John Pomeroy

    Dr. John Pomeroy

    Centre for Hydrology, University of Saskatchewan

    Research areas


    Research over the last five years has focussed on

    i) observing, measuring and detecting change in cold regions basins in the mountains, prairies and North,
    ii) developing new observational techniques through expanded hydrological observatories, new snowpack measurement sensors and new methods to collect data from instrumented basins
    iii) diagnosing this change using hydrological process models created using the CRHM platform and smaller scale diagnostic models,
    iv) better measuring, describing and understanding key cold regions processes,
    v) improving models with better process descriptions so that they can more accurately simulate the hydrological cycle in cold regions,
    vi) observing and modelling to diagnose extreme events such as floods, anomalous warm period and droughts,
    vii) downscaling atmospheric models to predict and diagnose future change due to changing climate, glaciers, permafrost and vegetation in cold regions basins.

    Change detection has been based upon ECCC and WECC observatory records. In the eastern prairies, a 14 fold increase in discharge and a change in rainfall-runoff as a fraction of annual runoff from 15% to 55% over 25 years was detected in a wetland dominated basin that had no trend in annual precipitation volume. The increase is attributed to a combination of greater clustering of multiple day rainstorms in early summer, higher rainfall ratio, earlier snowmelt and longer snow-free period, mid-winter melts and rain events restricting infiltration to frozen soils, extensive wetland drainage and resulting increase in contributing area due to channelization of the basin. Contrasting this change was the lack of hydrograph change in a mountain basin that had similar climate change and also application of clear cuts.
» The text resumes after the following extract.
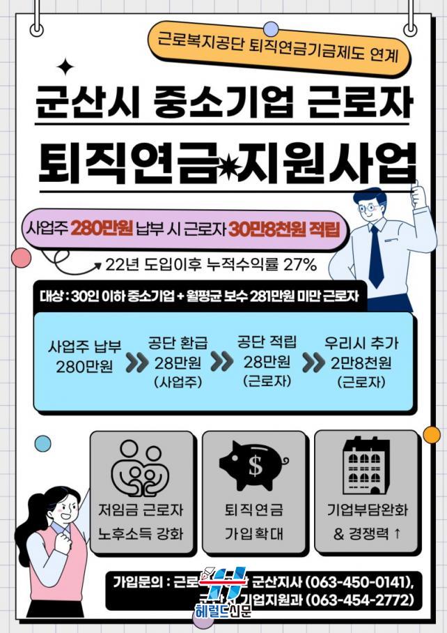[Çì·²µå½Å¹® = ³ë½Â¾ð ±âÀÚ] ±º»ê½Ã°¡ Áß¼Ò±â¾÷°ú ¼Ò»ó°øÀÎ ±Ù·ÎÀÚµéÀÌ Æó¾÷ µîÀ¸·Î ÅðÁ÷±ÝÀ» Á¦´ë·Î ¹ÞÁö ¸øÇÏ´Â »ç·Ê°¡ Áõ°¡ÇÔ¿¡ µû¶ó, ±Ù·ÎÀÚ ³ëÈÄ¼Òµæ º¸ÀåÀ» °ÈÇϱâ À§ÇØ ¡®ÅðÁ÷¿¬±Ý Ãß°¡ Áö¿ø»ç¾÷¡¯À» Àü±¹ ÃÖÃÊ·Î ¿À´Â 3¿ù ÀÌÈÄ ½ÃÇàÇÑ´Ù.

Here, diagnostic models show counteracting processes of increased evapotranspiration and decreasing low elevation snowmelt runoff versus increasing high elevation snowmelt runoff and the impact of slope and aspect in accelerating melt for clearcuts on south facing slopes whilst decelerating melt for clearcuts on north facing slopes have led to a lack of trends or changes in streamflow regime over 50 years.

    The processes of blowing snow transport and sublimation over complex terrain, snowmelt in disturbed forests and on slopes, water flow through snowpacks, glacier snow, firn and ice melt, snow avalanching and freezing and thawing of permafrost soils were incompletely understood, leading to uncertainty in their calculation. Field process studies using particle tracking velocimetry by high speed camera and laser - outdoors at night on mountain tops, snow redistribution measurements over ridgetops, thermal measurements of snow and trees, meltwater pathway development and water flux heterogeneity in snowpacks, snowmelt, firnmelt, icemelt, remote sensing of avalanche redistribution, and active layer dynamics over permafrost were undertaking in the Canadian Rockies, Yukon and NWT.

    The Cold Regions Hydrological Model (CRHM) was redeveloped to include improve snow redistribution, melt, glacier, permafrost and hillslope flow components based on the results of field studies. CRHM was applied in Marmot, Wolf, Reynolds, Peyto, Havikpak, Bologna and Smith creeks using observed meteorological data and verified using field observations. It was then used to diagnose hydrological function of these basins, predict and diagnose historical change such as the impact of changing climate, wetland drainage, glacier shrinkage and ice exposure, permafrost thaw and shrubification on hydrological processes, cycling and streamflow hydrographs. It has also been run for late 21st C climates downscaled using statistical and dynamical methods. CRHM outputs show that the loss of cold in these cold regions basins is expected to cause dramatic shifts in the timing, variability and volume of streamflow and even more profoundly, on the processes generating streamflow. There is sometimes compensation by changing vegetation, but also instances where vegetation and wetland drainage change enhance the magnitude of climate change on hydrology.